In light of the efficiency and effectiveness of GPSite, we sought to annotate and analyze the potential binding interfaces of various kinds for the entire Swiss-Prot database. For this task, we applied ESMFold to predict the structures of 568,326 sequences in Swiss-Prot, which required approximately 8.5 days as described in Methods. Typically, it takes 16 seconds to predict the structure of a protein with 500 residues, or 100 seconds for 1000 residues (Appendix 3-figure 6). The feature extraction and GPSite inference procedures overall cost about 5 hours. All ESMFold-predicted structures accompanied by the binding site annotations for Swiss-Prot are freely available in our user-friendly GPSiteDB database (https://bio-web1.nscc-gz.cn/database/GPSiteDB). Appendix 3-figure 7 further illustrates the distributions of the protein length and the predicted TM-score (pTM) estimated by ESMFold for the Swiss-Prot sequences, where most proteins are no longer than 500 residues and predicted with high confidence (pTM > 0.8). For the subsequent downstream analyses, we only considered the predicted structures with pTM > 0.7, resulting in a total of 370,140 structures.

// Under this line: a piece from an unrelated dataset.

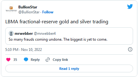 Warum untersuchen die Mainstream-Finanzmedien, wie z.B. Bloomberg, nicht das undurchsichtige Mindestreservesystem der Londoner Gold- und Silbermärkte und fordern die LBMA auf, einen geprüften "Nachweis der Reserven" darüber auszustellen, was hinter dem gigantischen täglichen Gold- und Silberhandel auf Papier steht? Ich denke, wir alle kennen die Antwort auf diese Frage, und es gibt, wie Sie vielleicht überrascht sein werden, eine Parallele zum FTX-Zusammenbruch.
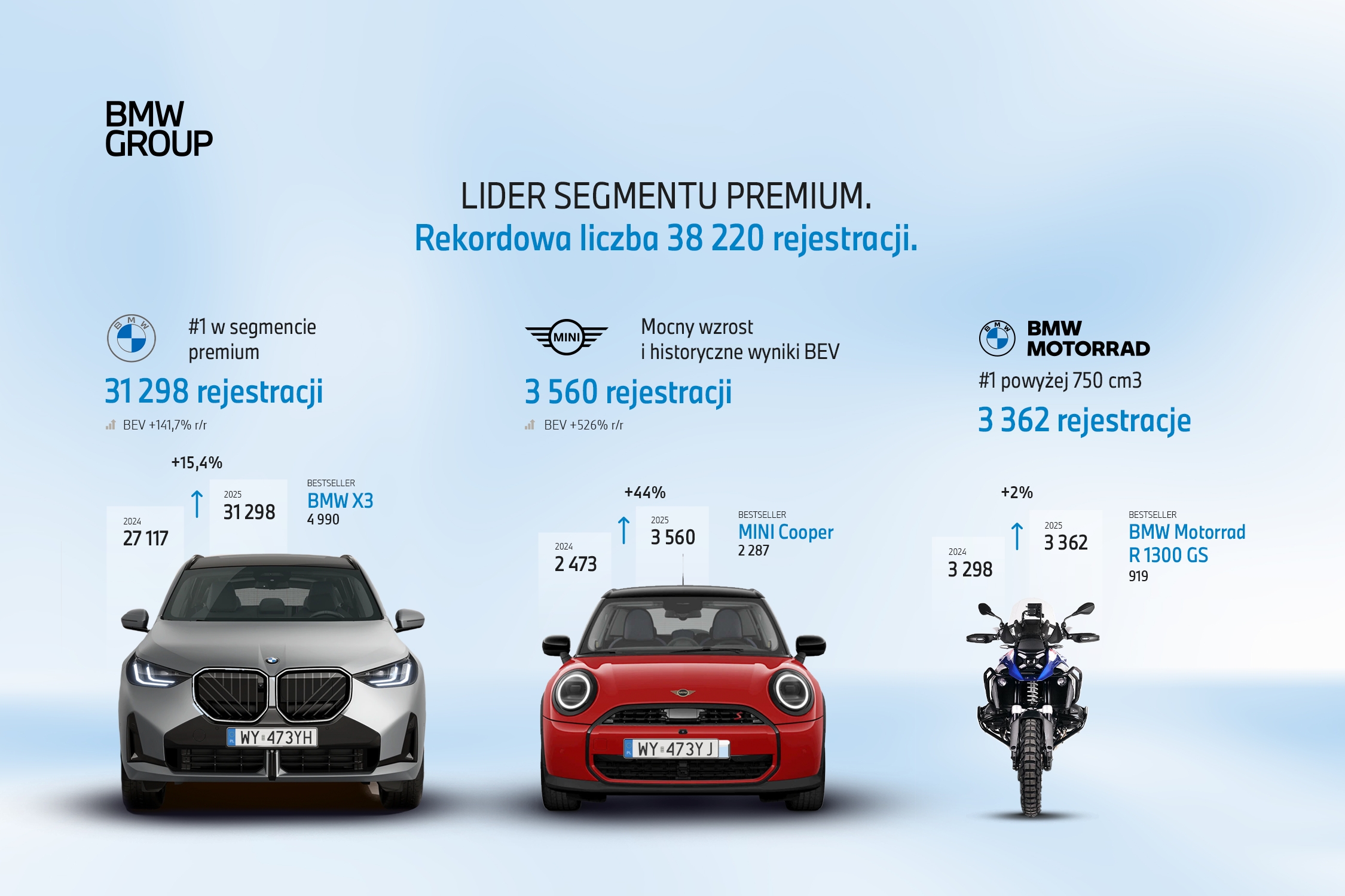Bestsellerami BMW M Performance zostały BMW X3 M50 (507 rejestracji, +705% względem 2024 r.) oraz BMW M340i (430 rejestracji, +12% w skali rok do roku). Łącznie mówimy o 4 243 samochodach z gamy M Performance i M High Performance.

Exploiting the residue-level binding site annotations, we could readily extend GPSite to discriminate between binding and non-binding proteins of various ligands. Specifically, a protein-level binding score indicating the overall binding propensity to a specific ligand can be generated by averaging the top k predicted scores among all residues. Empirically, we set k to 5 for metal ions and 10 for other ligands, considering the distributions of the numbers of binding residues per sequence observed in the training set. As depicted in Figure 5A, the GPSite binding scores for proteins with the corresponding ligand-binding molecular functions are significantly higher than those without such annotations in Swiss-Prot (P-value < 10−165 for all ligands according to Mann–Whitney U test 57). The accuracy of the GPSite protein-level binding scores is further validated by the ROC curves in Figure 5B, where GPSite achieves satisfactory AUC values for all ligands except protein (AUC of 0.608). This may be ascribed to the fact that protein-protein interactions are ubiquitous in living organisms while the Swiss-Prot function annotations are incomplete (Appendix 1-note 7). Moreover, we attempted to gather the top 20,000 proteins with the highest GPSite binding scores for each ligand to expand the binding function annotations in Swiss-Prot. We could immediately notice that the GPSite-predicted binding proteins are involved in biological processes consistent with existing knowledge as shown in Figure 5C and Appendix 3-figure 8. For instance, the DNA-binding proteins predicted by GPSite are prone to participate in DNA repair, DNA-templated transcription, DNA recombination and replication, while the RNA-binding proteins are inclined to perform translation and RNA modification.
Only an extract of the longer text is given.